→ What needs to be done
The expected output is the data below, character for character, without its pictures.

→ Data excerpt
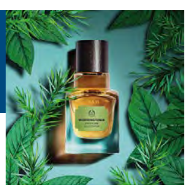
The Widdringtonia Eau de Parfum
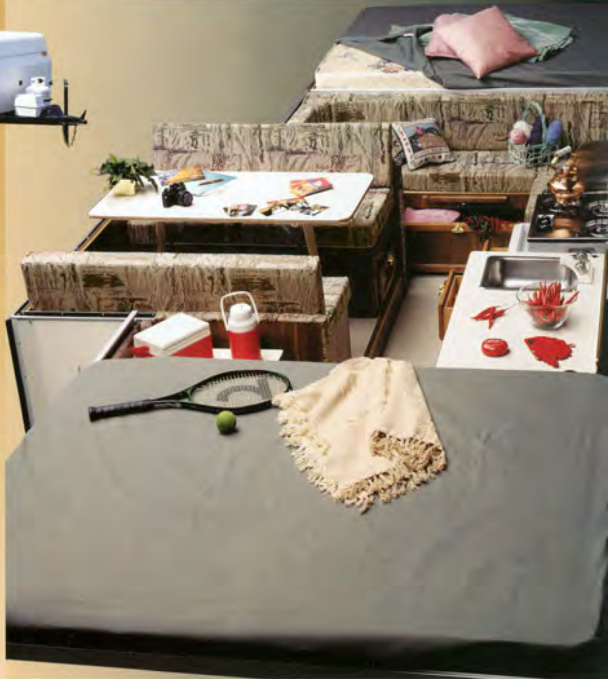
Dinette-in-a-drawer's slide out provides more room to stretch out and relax, while generous storage makes packing and traveling a breeze.

Our designers understand what camping families need. That's why you'll find so many handy features. Easy access storage, inside/outside cooking facilities, and comfortable sleeping accommodations all contribute to the good times you'll enjoy in your Flagstaff Dinette-in-a-drawer camper.

→ Response for this exercise
The Widdringtonia Eau de Parfum
Dinette-in-a-drawer's slide out provides more room to stretch out and relax, while generous storage makes packing and traveling a breeze.

Our designers understand what camping families need. That's why you'll find so many handy features. Easy access storage, inside/outside cooking facilities, and comfortable sleeping accommodations all contribute to the good times you'll enjoy in your Flagstaff Dinette-in-a-drawer camper.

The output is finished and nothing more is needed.